## Task brief
Write out, exactly and only, the lines that run from the top of the records to the line with "Next • Meteor". Include both ends; exclude pictures.

[Data excerpts]
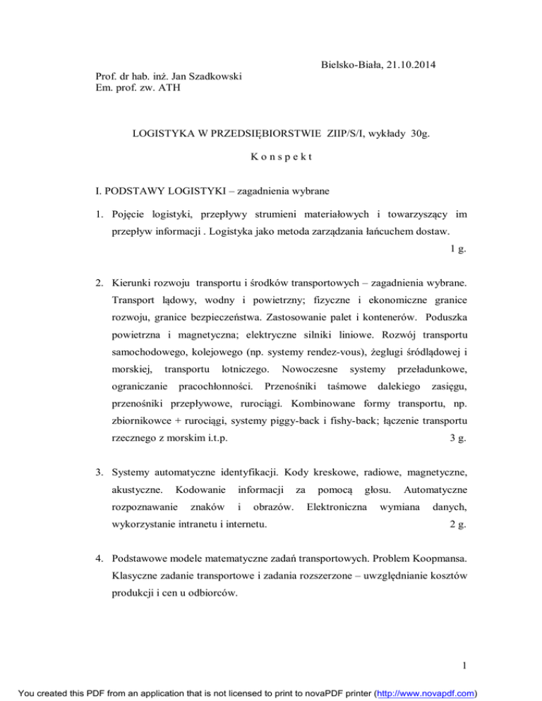 1 Bielsko-Biała, 21.10.2014 Prof. dr hab. inż. Jan Szadkowski
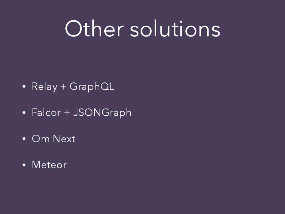 • Relay + GraphQL • Falcor + JSONGraph • Om Next • Meteor
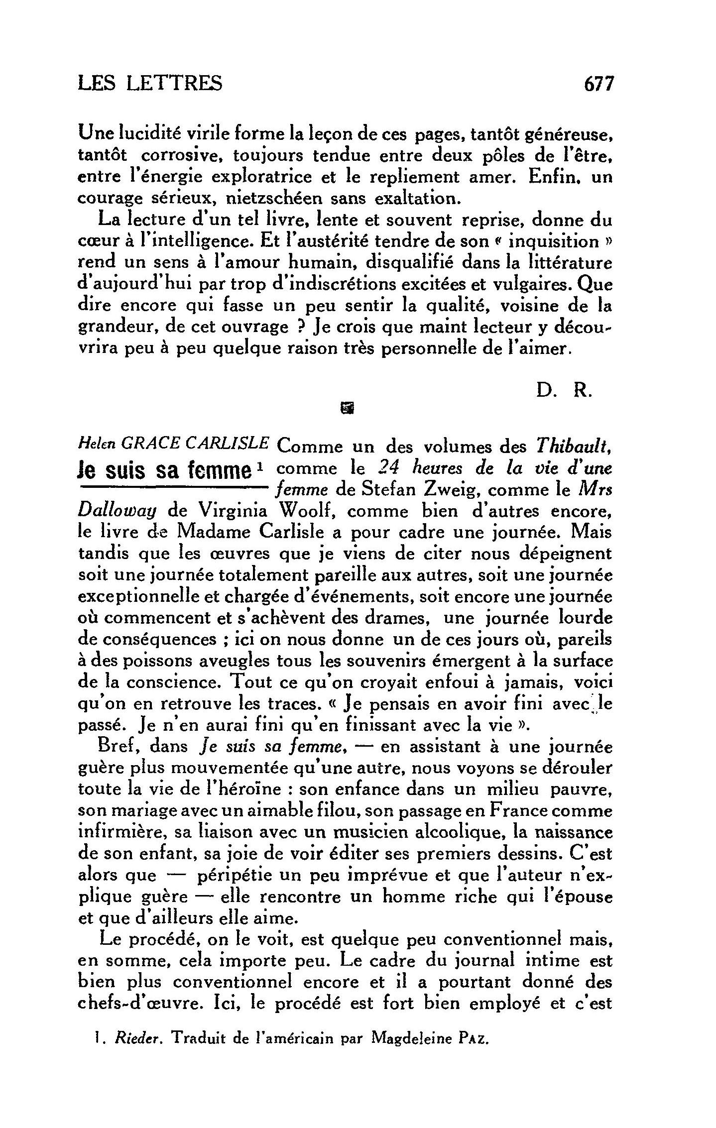 La lecture d’un tel livre, lente et souvent reprise, donne du cœur à l’intelligence. Et l’austérité tendre de son « inquisition » rend un sens à l’amour humain, disqualifié dans la littérature d’aujourd’hui par trop d’indiscrétions excitées et vulgaires. Que dire encore qui fasse un peu sentir la qualité, voisine de la grandeur, de cet ouvrage ? Je crois que maint lecteur y découvrira peu à peu quelque raison très personnelle de l’aimer.
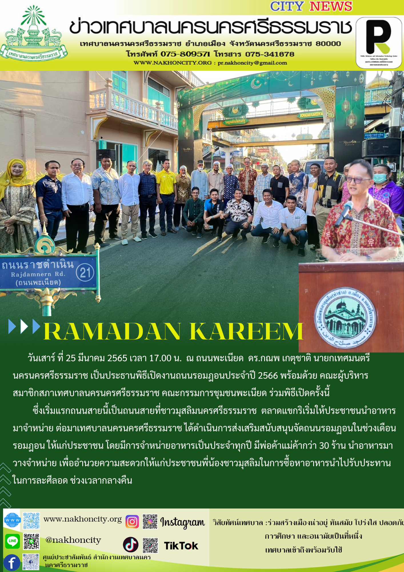 ดร.กณพ เกตุชาติ นายกเทศมนตรีนครนครศรีธรรมราช เป็นประธานพิธีเปิดงานถนนรอมฎอนประจำปี 2566 |
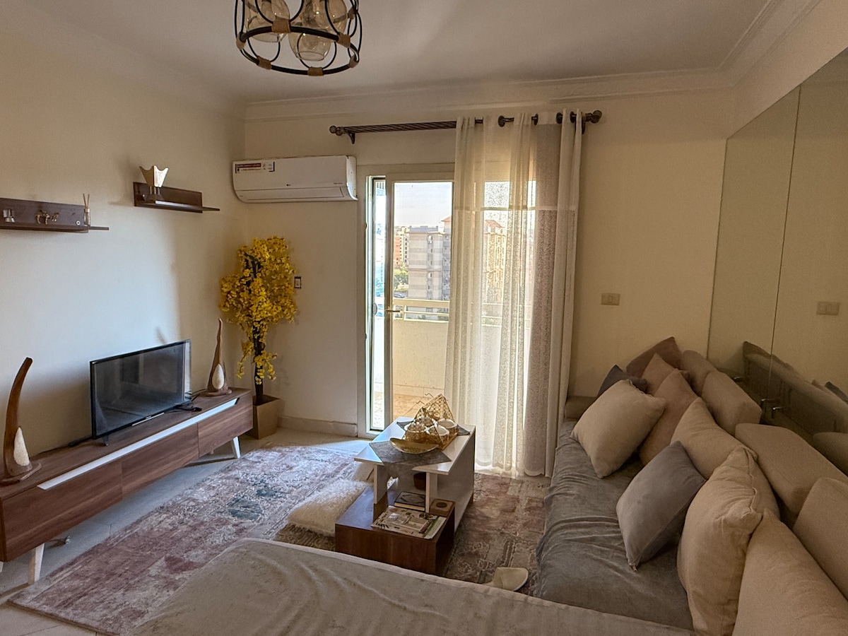 Stylish Studio Apartment in a Prime Location This fully air-conditioned, elegantly furnished studio is located near New Cairo, Nasr City, Maadi, and Heliopolis , downtown Cairo, and next to the International Convention Center. Situated in a secure compound with 24/7 security, it offers modern amenities, high-speed internet, and a fully equipped kitchen. Surrounded by renowned restaurants, cafés, and essential services, it ensures a comfortable stay for both short and long-term guests.
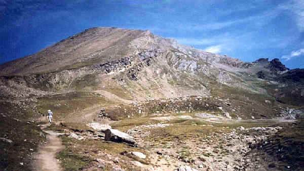 The path from Furggli along the slopes of the Oberrothorn looking back to the Unterrothorn
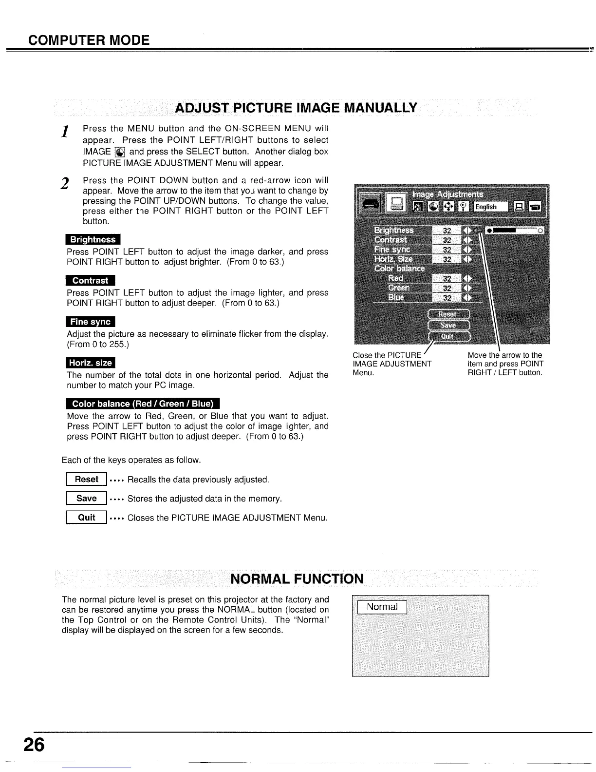 Proxima UltraLight LX2 - Manual Picture Adjustments; Image Adjustment Options
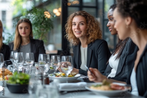 businesswoman, meeting, luncheon, eatery, discussion, networking, professional, dining, modern, idea, collaboration, business, group, woman, conversation, teamwork, corporate, meal, strategy, gathering, business meeting, table, executive, productivity, professional, colleague, food, career

## Output for this task
 1 Bielsko-Biała, 21.10.2014 Prof. dr hab. inż. Jan Szadkowski
 • Relay + GraphQL • Falcor + JSONGraph • Om Next • Meteor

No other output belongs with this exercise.